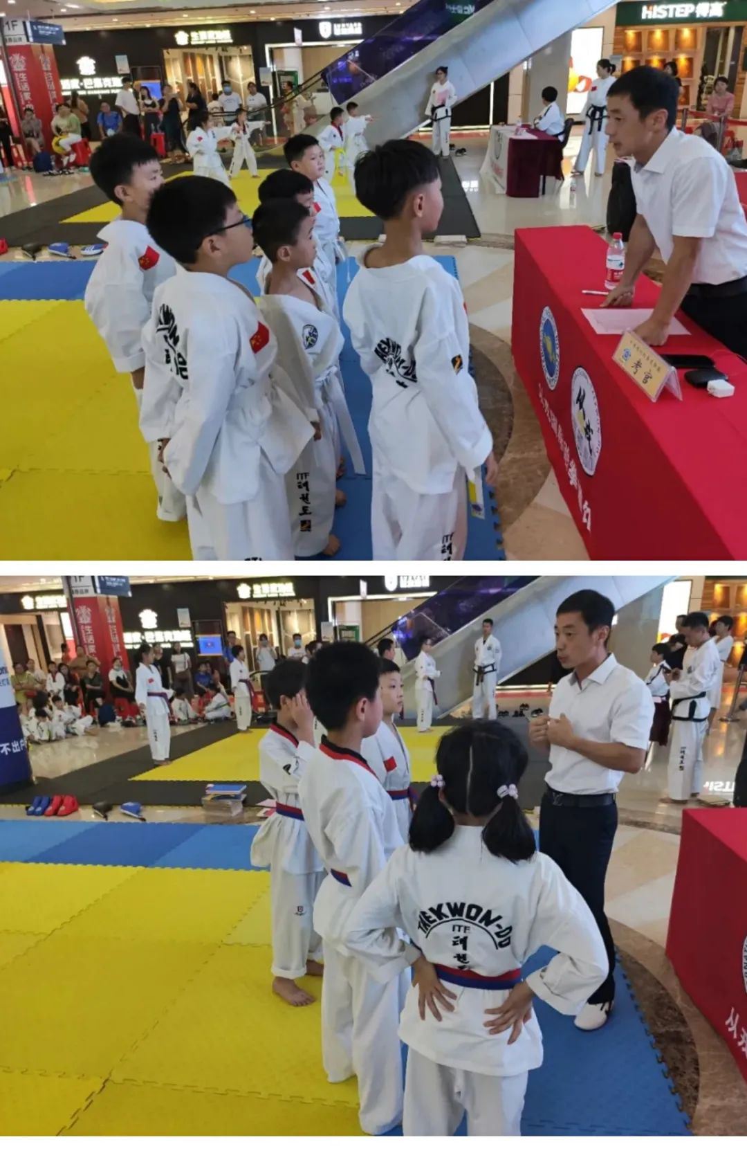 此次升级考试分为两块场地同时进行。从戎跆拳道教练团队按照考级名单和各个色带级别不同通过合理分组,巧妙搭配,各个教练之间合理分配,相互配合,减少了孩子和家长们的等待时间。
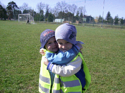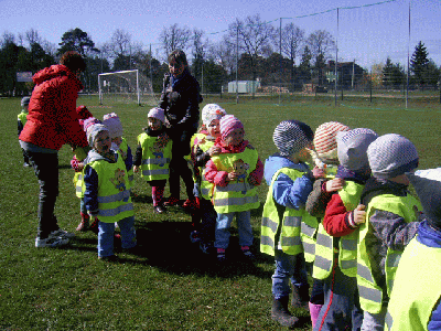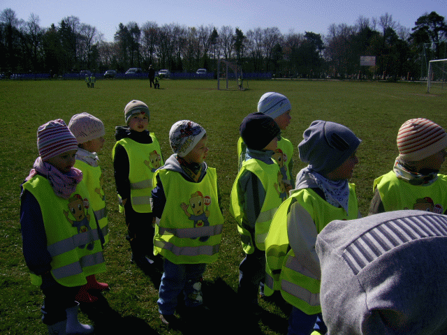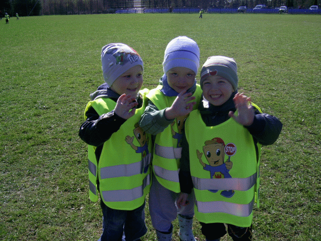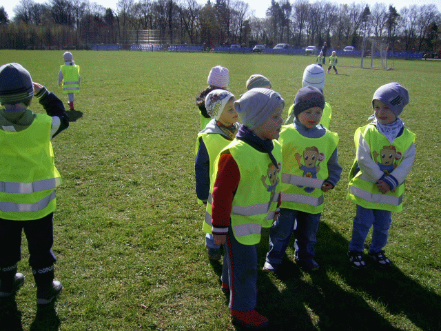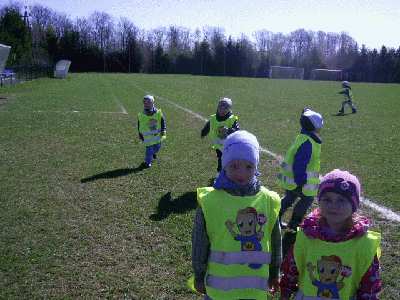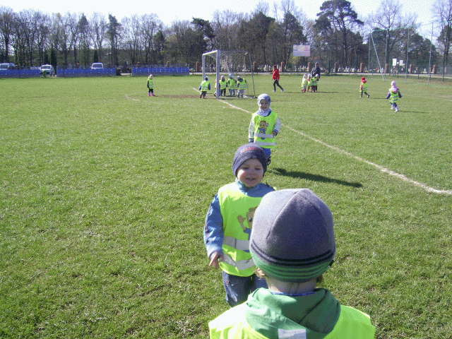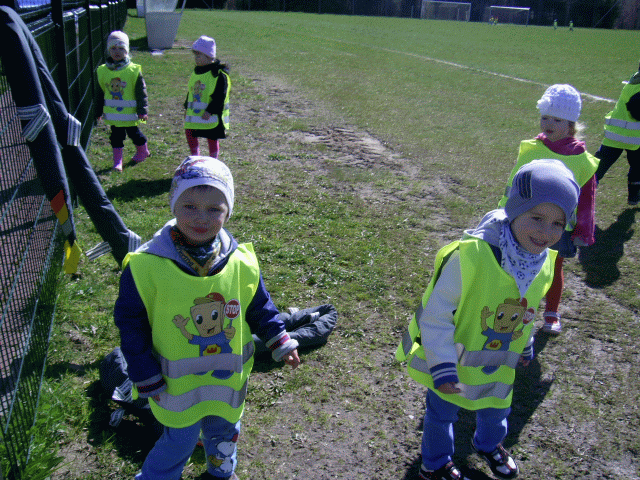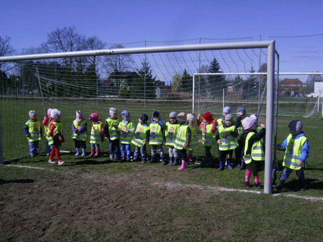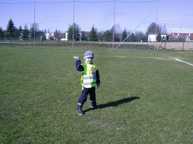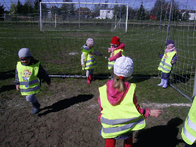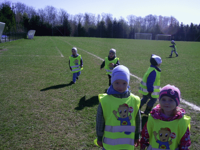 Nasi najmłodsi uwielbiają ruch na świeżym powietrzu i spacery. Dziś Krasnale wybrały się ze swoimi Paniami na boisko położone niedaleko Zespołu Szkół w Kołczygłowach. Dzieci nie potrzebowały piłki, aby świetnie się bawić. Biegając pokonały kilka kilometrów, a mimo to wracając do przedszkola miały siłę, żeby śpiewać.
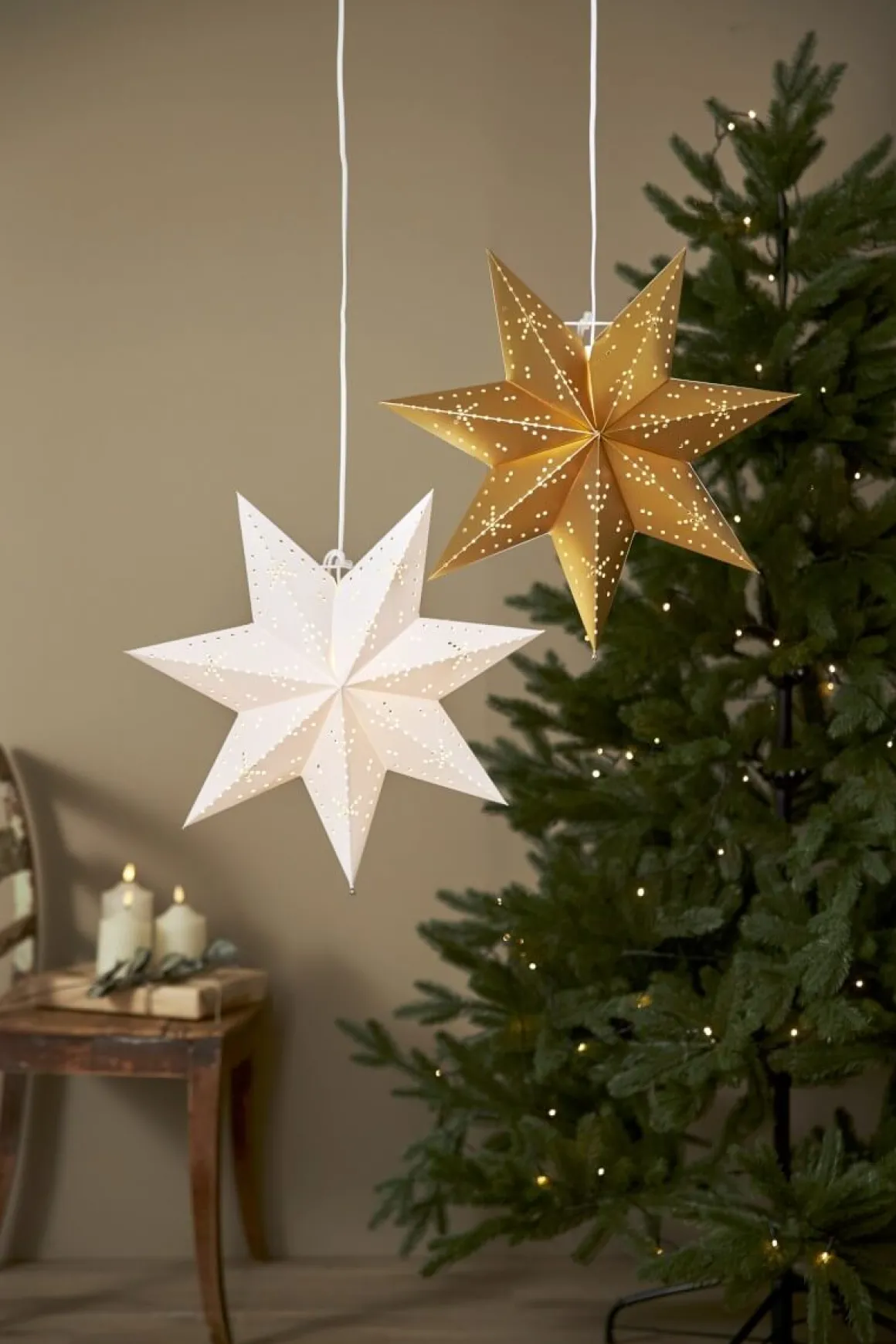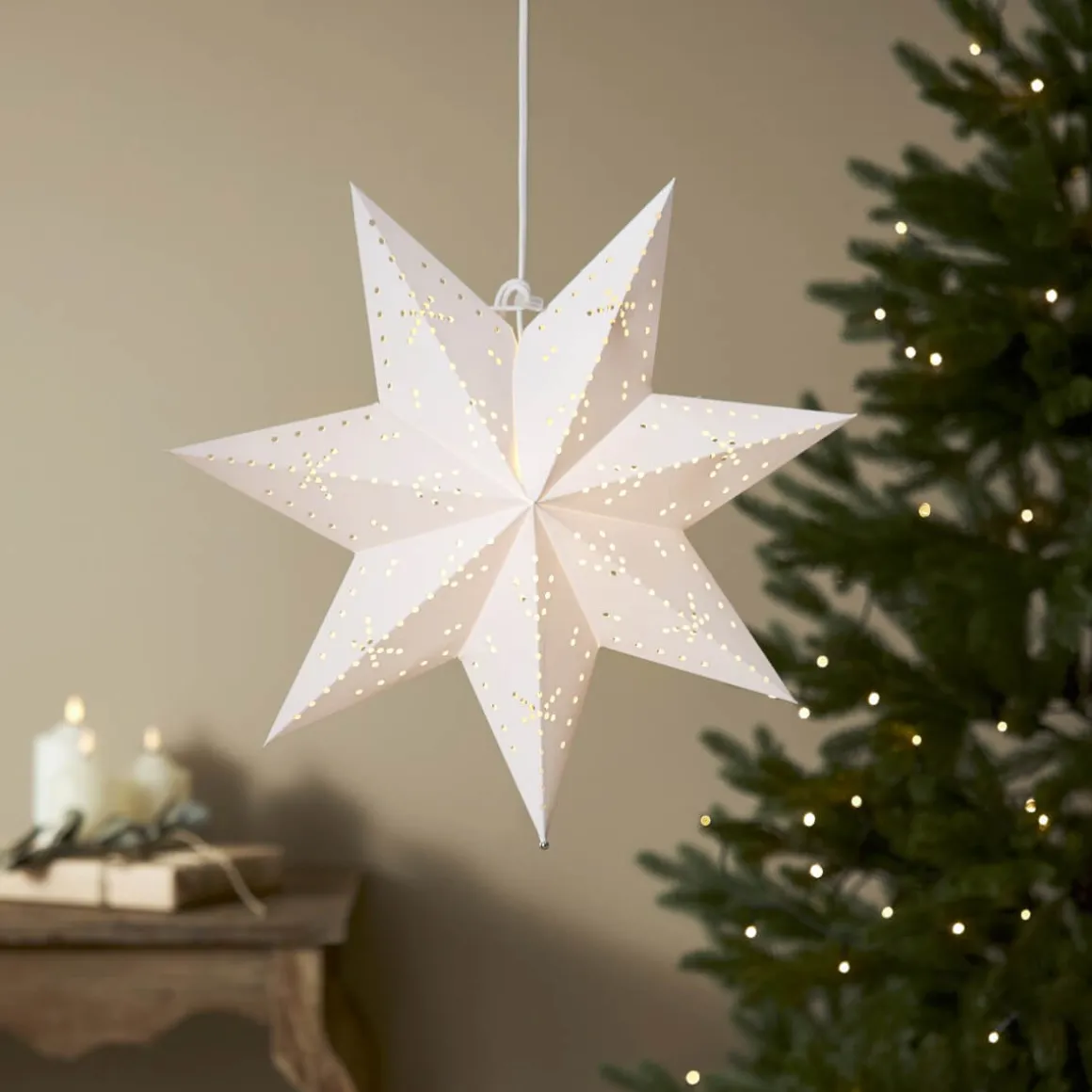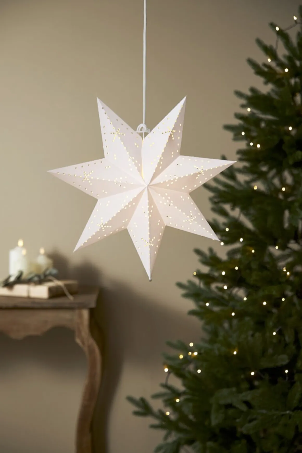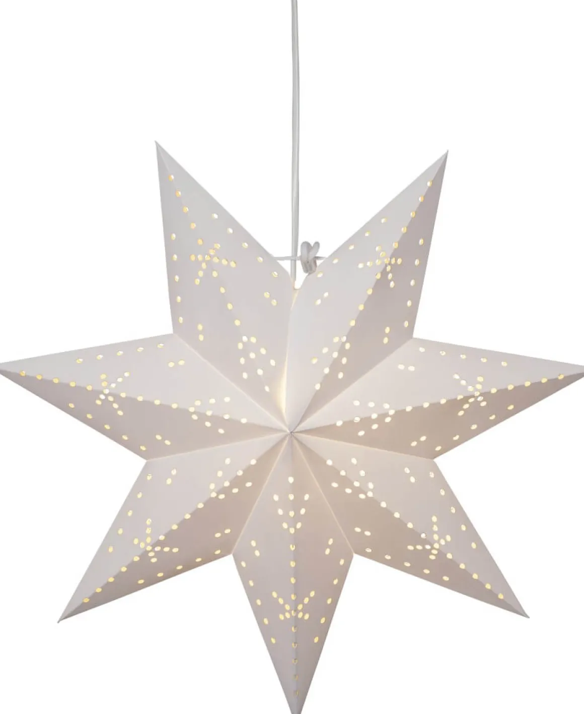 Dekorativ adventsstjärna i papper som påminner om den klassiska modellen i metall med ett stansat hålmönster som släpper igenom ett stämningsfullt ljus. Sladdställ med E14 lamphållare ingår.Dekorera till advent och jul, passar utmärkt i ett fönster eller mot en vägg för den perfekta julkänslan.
****
| What you should do |
Return exactly the lines of the data, beginning with the first and ending with the line containing "Nasi najmłodsi uwielbiają". Skip the pictures.

| Reply to the exercise |
 此次升级考试分为两块场地同时进行。从戎跆拳道教练团队按照考级名单和各个色带级别不同通过合理分组,巧妙搭配,各个教练之间合理分配,相互配合,减少了孩子和家长们的等待时间。
 Nasi najmłodsi uwielbiają ruch na świeżym powietrzu i spacery. Dziś Krasnale wybrały się ze swoimi Paniami na boisko położone niedaleko Zespołu Szkół w Kołczygłowach. Dzieci nie potrzebowały piłki, aby świetnie się bawić. Biegając pokonały kilka kilometrów, a mimo to wracając do przedszkola miały siłę, żeby śpiewać.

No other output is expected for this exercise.